The 4 problems was definitely more than I could have handled in a 2.5 hour competition (not without less huge insane mistakes at least!) – I actually took more than 5 hours to submit my answers – although I had a lot of distractions and took a few hour break in the middle. So sure it took less than 2.5 hours to write up the code, but I cannot ignore the value of that break allowing to the answers to mull over in my head.

Q1) Given starting positions for 2 robots and that they can both move at 1 unit per second, and that it takes 1 second to press a button, and a list of integer button positions and who has to press them in exactly the given order, what is the minimum time to complete the required work?

A1) This puzzle was actually portal themed – there was mention of possible cake. As usual they provided a sample example of ‘one way’ to solve a sample optimally. I almost wonder whether I should start to assume that any time they say that it is an example of a sub-optimal strategy which just happens to be optimal.

Anyway the question itself is a fairly basic simulation using a greedy algorithm. At any given point in time the two robots have a target position, which is based on the next button which needs pushing by them. For a tiny optimization, this only ever changes when they push a button, but given the constraints even on the large input you could probably have gotten away with updating the target every timestep. Then it just comes down to simulating each timestep. If a robot is at its target, it doesn’t move. If it is supposed to push a button it pushes the button and doesn’t move. A likely trivial mistake to make would have been to accidentally let the second robot push its button in the same turn as the first robot because you’ve updated which is the next button to press but haven’t yet ended the current turn. Maximum number of turns is something like 100k for the large input, no problems given the 8minutes you have to submit the answer.

Q2) Given a list of pairs which if matched consecutively are replaced by a third (which will never be found in the list of pairs), and a list of pairs that if they are ever found anywhere in a list (except if they are instantly replaced by something in the first list) cause the entire list to be cleared. Process a list of input characters adding each one to the output list in turn, subject to these rules, print the output list in a pretty format.

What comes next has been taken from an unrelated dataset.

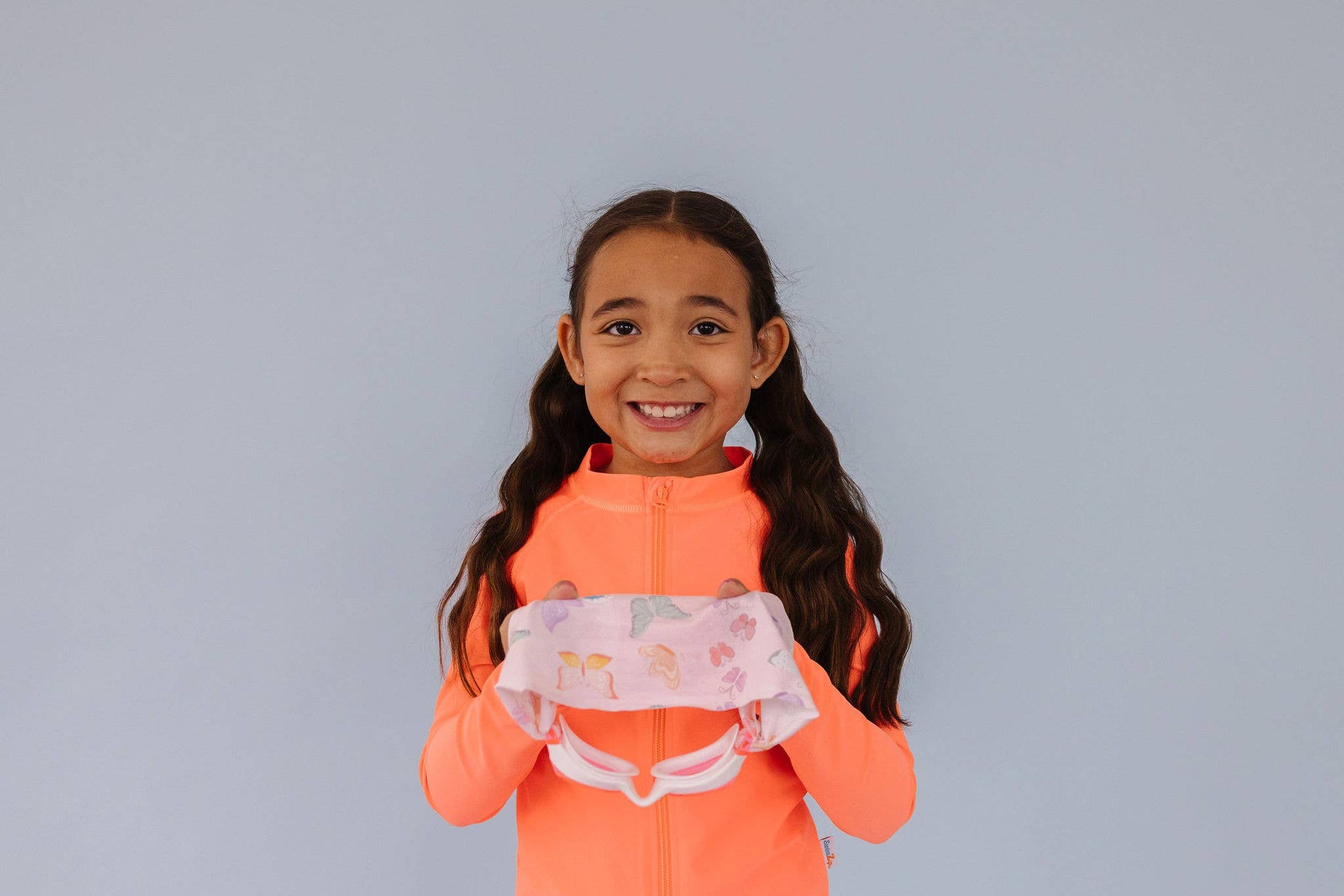 Our Flutter swim goggle features our tangle-free strap in an array of pretty butterflies on light pink and peach background, paired with a white frame and lightly tinted pink lenses.

A2) At 82% this problem had the lowest small to large conversion ratio – and it isn’t surprising because the small problem constrains the list of pairs to be at most 1 for each case and the large allows up to 30. This isn’t a performance problem at all, but it does mean that several corner cases just cannot occur. Writing up my solution for this problem probably took longest of all of them, although I found it easy to solve in theory – I made copious errors during implementation – several of which would have crept past the small inputs if I hadn’t of noticed them in time. (Keeping with the computer gaming theme, this problem is inspired by Magika)

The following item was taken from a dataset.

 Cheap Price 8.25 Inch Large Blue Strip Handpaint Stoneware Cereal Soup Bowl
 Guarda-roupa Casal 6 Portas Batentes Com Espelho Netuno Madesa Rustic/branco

So again this is a straightforward simulation. If the list is empty you add the character. If not first check whether the incoming character and the existing last character are a pair in the first list of pairs. Performance is not a problem, just walk them all, checking both orders (scale optimization is to add pairs a dictionary of dictionaries – but not needed here). If a match is found, replace the current last character with the replacement and continue loop onto next character. If not it is time to check whether there is a need to clear the entire list.

Again because the scale constraints are so small there is no need to optimize this using dictionaries, you can just walk every entry already in the list, consider it with the incoming character against every pair provided in both orders. Obviously this is O(n*k) but k is at most 30 in the large input. If you do optimize this scenario you would probably do what I did and add a set to keep track of the unique elements in the input list so you can dictionary lookup the next character, and do a set intersection between the dictionary results and the set of unique elements in the input list. The one thing to be careful of here is that a set is not a good implementation for keeping track of the set of unique elements in the input list, you need a count of each unique. Without a count, the pair transformations which remove the last element can cause you to incorrectly claim that element is no longer in the list. In any case, if you find a match, you clear the list and do not add the incoming character.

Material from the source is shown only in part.